Ghafari Sepehr, Ehsani Mehrdad, Ranjbar Sajad, Nazari Mohammad Nabi, Moghadas Nejad Fereidoon
School of Built Environment, Engineering and Computing, Leeds Beckett University, Leeds, UK.
Department of Civil & Environmental Engineering, Amirkabir University of Technology (Tehran Polytechnic), Tehran, Iran.
Sci Rep. 2025 Jul 1;15(1):20376. doi: 10.1038/s41598-025-08404-5.
Determining mixed mode fracture parameters asphalt concrete mixtures remains an engineering challenge due to non-homogeneity and inelasticity of the material. In this research, a study was conducted to determine the low-temperature R-curves of unmodified and crumb rubber modified Hot Mix Asphalt (HMA) under mode I and mixed-mode (I/II) loading conditions. Single edge notched beam (SE(B)) testing was employed to collect data, and three key fracture parameters-cohesive energy, energy rate, and fracture energy-were extracted to represent different stages of fracture and crack propagation. Within the scope of this study, it was observed that for the AC 85/100 paving grade bitumen, a temperature of - 20 °C serves as a critical temperature, shifting fracture from quasi-brittle to brittle. At this temperature, the stable crack growth region in the R-curves significantly shrinks, causing abrupt specimen failure. The incorporation of 20% crumb rubber demonstrated favorable material characteristics, with a progressively rising R-curve even during the unsfi crack propagation phase. The central goal of this research is to establish prediction models for the mixed-mode (I/II) crack propagation parameters G, G, and G. The features selected for modeling are G, G, and G (mode I), percentage of crumb rubber, type of aggregate, binder content, nominal maximum aggregate size, temperature, and normalized offset ratio. Two dataset configurations were used: dataset 1 contains all entries, while dataset 2 excludes G, G, and G (mode I). Five machine learning techniques, Regression, Multi-Gene Genetic Programming (MGGP), Support Vector Regression (SVR), Random Forest, and Artificial Neural Networks were employed to predict three key fracture parameters. Although slightly less accurate than SVR and Random Forest, MGGP offers the key advantage of yielding explicit mathematical expressions for crack propagation prediction. The R index for the MGGP model in Dataset 1 was 0.93 for G, 0.94 for G, and 0.92 for G. For dataset 2, the indices were 0.89, 0.93, and 0.88, respectively.

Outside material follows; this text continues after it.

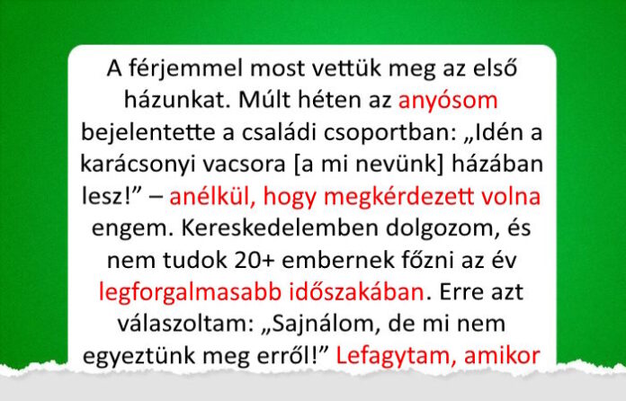Múlt héten az anyósom a családi chatben bejelentette: “Idén a karácsonyi vacsora [a mi nevünk] házában lesz!” Meg sem kérdezett erről, csak bejelentette. A kereskedelemben dolgozom, az ünnepek az év legforgalmasabb és legstresszesebb időszaka. Már az is kimerítő, hogy csak belegondolok, hogy munka után még több mint 20 emberre kell főznöm.

由于材料的非均匀性和非弹性,确定沥青混凝土混合料的混合模式断裂参数仍然是一项工程挑战。在本研究中,开展了一项研究,以确定未改性和橡胶粉改性热拌沥青(HMA)在I型和混合模式(I/II)加载条件下的低温R曲线。采用单边切口梁(SE(B))试验来收集数据,并提取了三个关键断裂参数——内聚能、能量率和断裂能,以代表断裂和裂纹扩展的不同阶段。在本研究范围内,观察到对于AC 85/100道路石油沥青,-20°C的温度是一个临界温度,使断裂从准脆性转变为脆性。在此温度下,R曲线中的稳定裂纹扩展区域显著缩小,导致试样突然破坏。掺入20%的橡胶粉表现出良好的材料特性,即使在不稳定裂纹扩展阶段,R曲线也逐渐上升。本研究的核心目标是建立混合模式(I/II)裂纹扩展参数G、G和G的预测模型。用于建模选择的特征是G、G和G(I型)、橡胶粉百分比、集料类型、粘结剂含量、标称最大集料尺寸、温度和归一化偏移率。使用了两种数据集配置:数据集1包含所有条目,而数据集2排除G、G和G(I型)。采用了五种机器学习技术,即回归、多基因遗传编程(MGGP)、支持向量回归(SVR)、随机森林和人工神经网络来预测三个关键断裂参数。尽管MGGP的准确性略低于SVR和随机森林,但它的主要优点是能给出裂纹扩展预测的显式数学表达式。数据集1中MGGP模型的G的R指数为0.93,G为0.94,G为0.92。对于数据集2,指数分别为0.89、0.93和0.88。